Please, without any pictures, set down exactly the part of the listing below that opens with the line containing "fotografia. cm 50x70" and closes with the line containing "宁夏,固原,须弥山,须弥山石窟,石山,洞窟,寺庙,绿色,高视角,亭子".

> [DATASET EXTRACT]
■ ■ ■
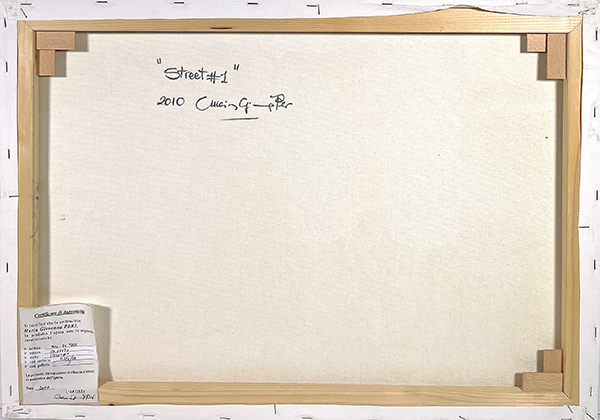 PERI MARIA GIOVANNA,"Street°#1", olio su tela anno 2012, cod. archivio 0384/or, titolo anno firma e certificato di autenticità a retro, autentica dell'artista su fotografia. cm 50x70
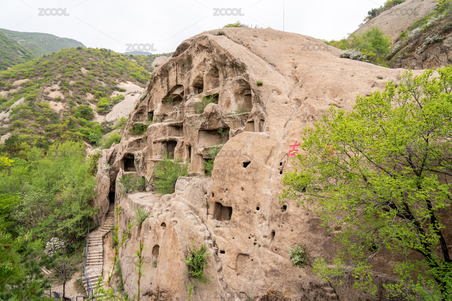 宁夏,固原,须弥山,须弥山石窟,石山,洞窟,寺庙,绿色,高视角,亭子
■ ■ ■
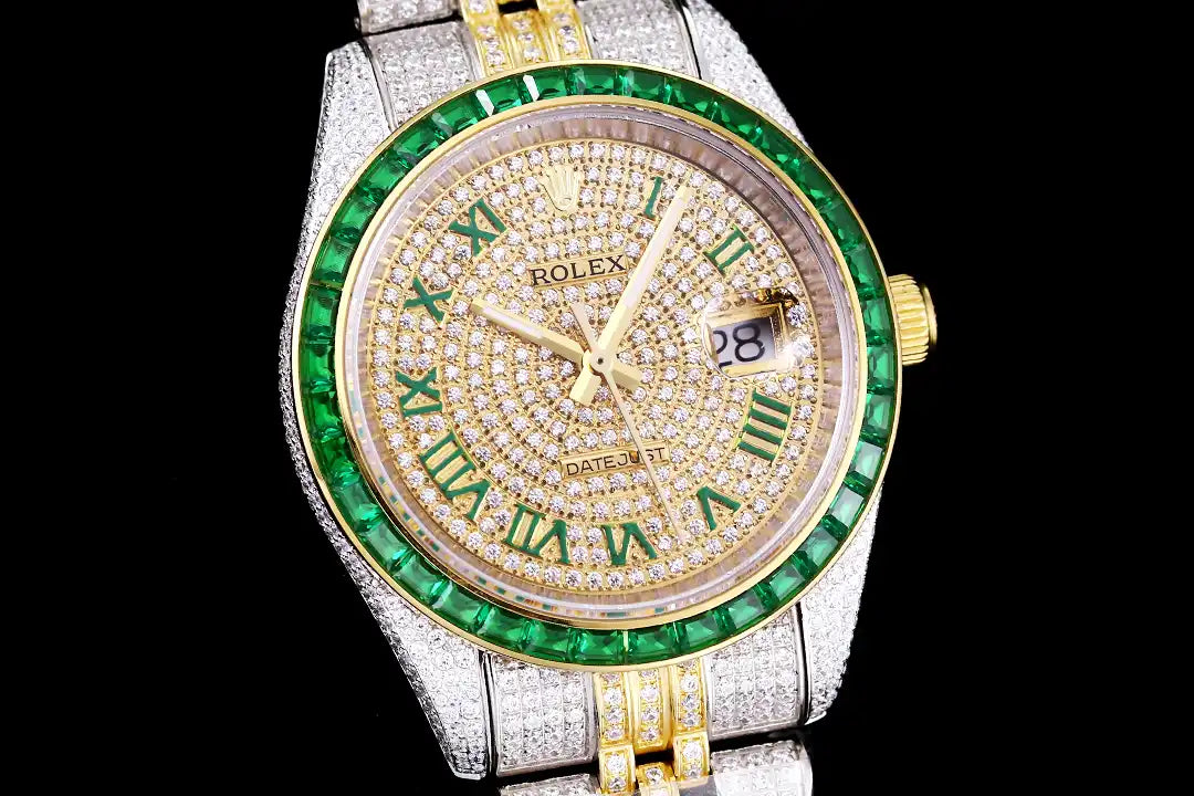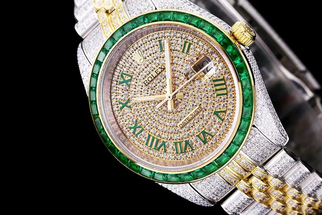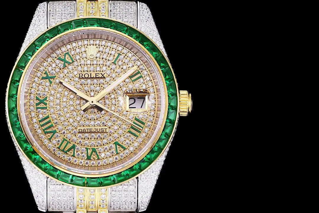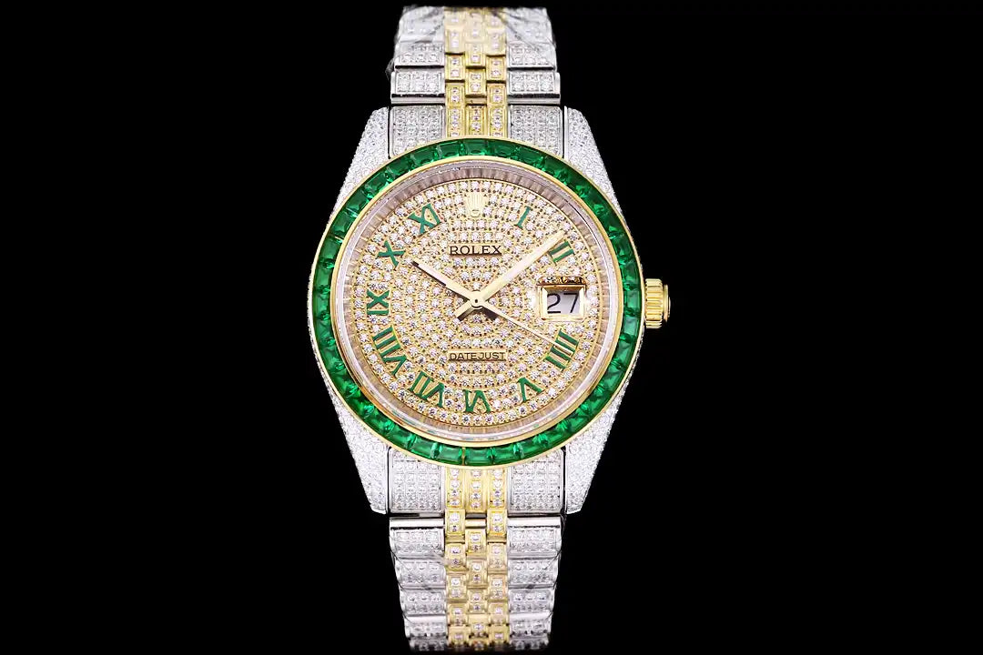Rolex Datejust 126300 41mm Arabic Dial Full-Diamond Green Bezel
■ ■ ■
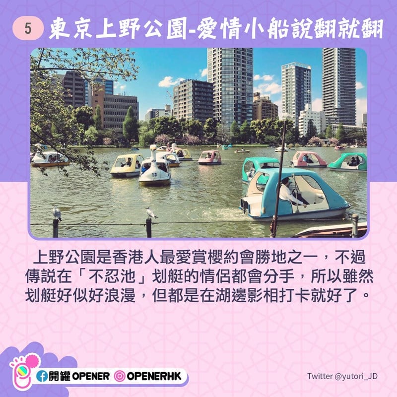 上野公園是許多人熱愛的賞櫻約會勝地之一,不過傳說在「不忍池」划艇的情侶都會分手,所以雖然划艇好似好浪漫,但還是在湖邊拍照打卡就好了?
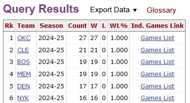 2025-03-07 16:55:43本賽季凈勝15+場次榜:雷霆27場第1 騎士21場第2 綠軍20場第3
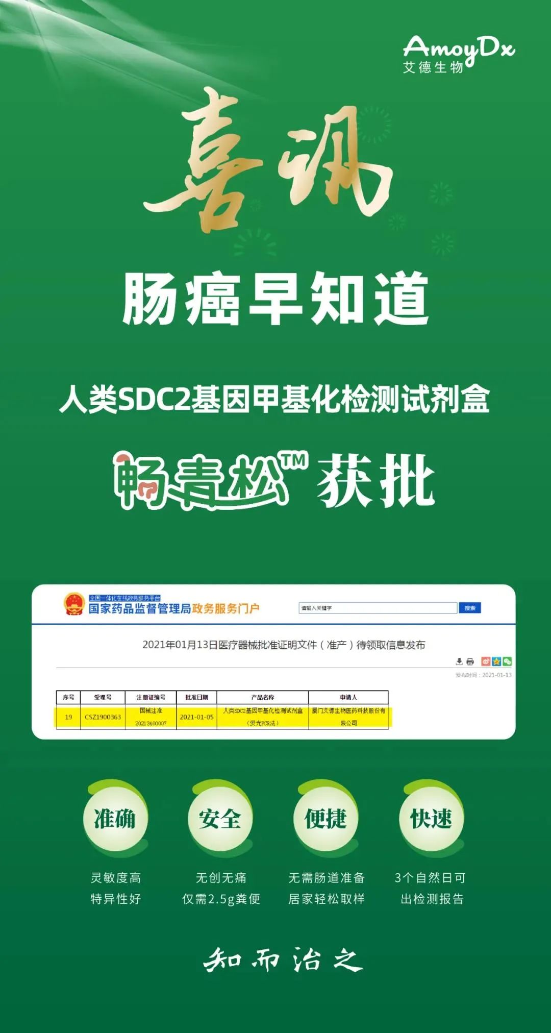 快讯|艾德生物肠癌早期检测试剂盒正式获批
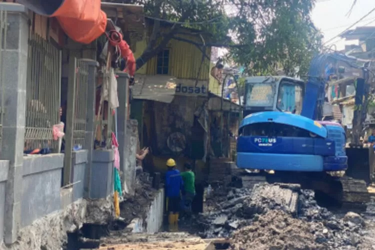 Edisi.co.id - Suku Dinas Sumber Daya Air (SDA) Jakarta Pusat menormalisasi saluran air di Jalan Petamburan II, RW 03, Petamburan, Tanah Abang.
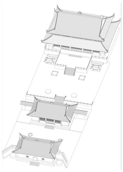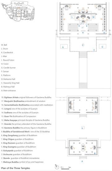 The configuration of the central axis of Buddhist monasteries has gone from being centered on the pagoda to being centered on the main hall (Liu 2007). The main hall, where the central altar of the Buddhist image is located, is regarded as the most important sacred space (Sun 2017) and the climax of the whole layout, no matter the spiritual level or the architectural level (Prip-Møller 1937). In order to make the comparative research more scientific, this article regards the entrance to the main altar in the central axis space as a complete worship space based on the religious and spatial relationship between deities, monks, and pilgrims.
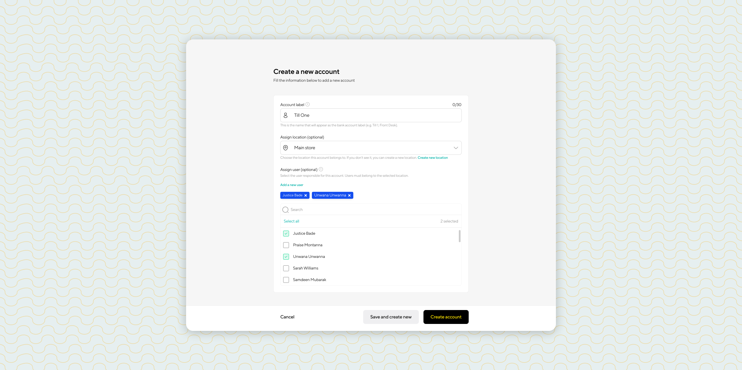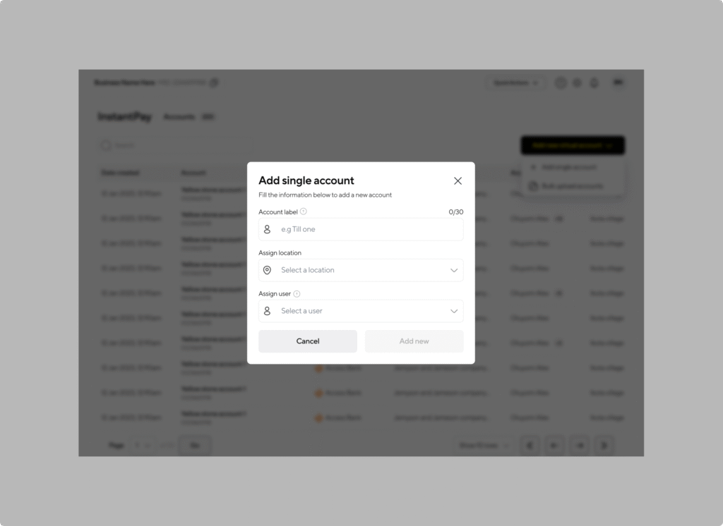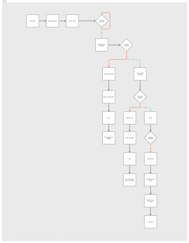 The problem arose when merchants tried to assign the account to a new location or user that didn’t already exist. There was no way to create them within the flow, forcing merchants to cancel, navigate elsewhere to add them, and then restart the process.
■ ■ ■
> [EXERCISE RESPONSE]
 PERI MARIA GIOVANNA,"Street°#1", olio su tela anno 2012, cod. archivio 0384/or, titolo anno firma e certificato di autenticità a retro, autentica dell'artista su fotografia. cm 50x70
 宁夏,固原,须弥山,须弥山石窟,石山,洞窟,寺庙,绿色,高视角,亭子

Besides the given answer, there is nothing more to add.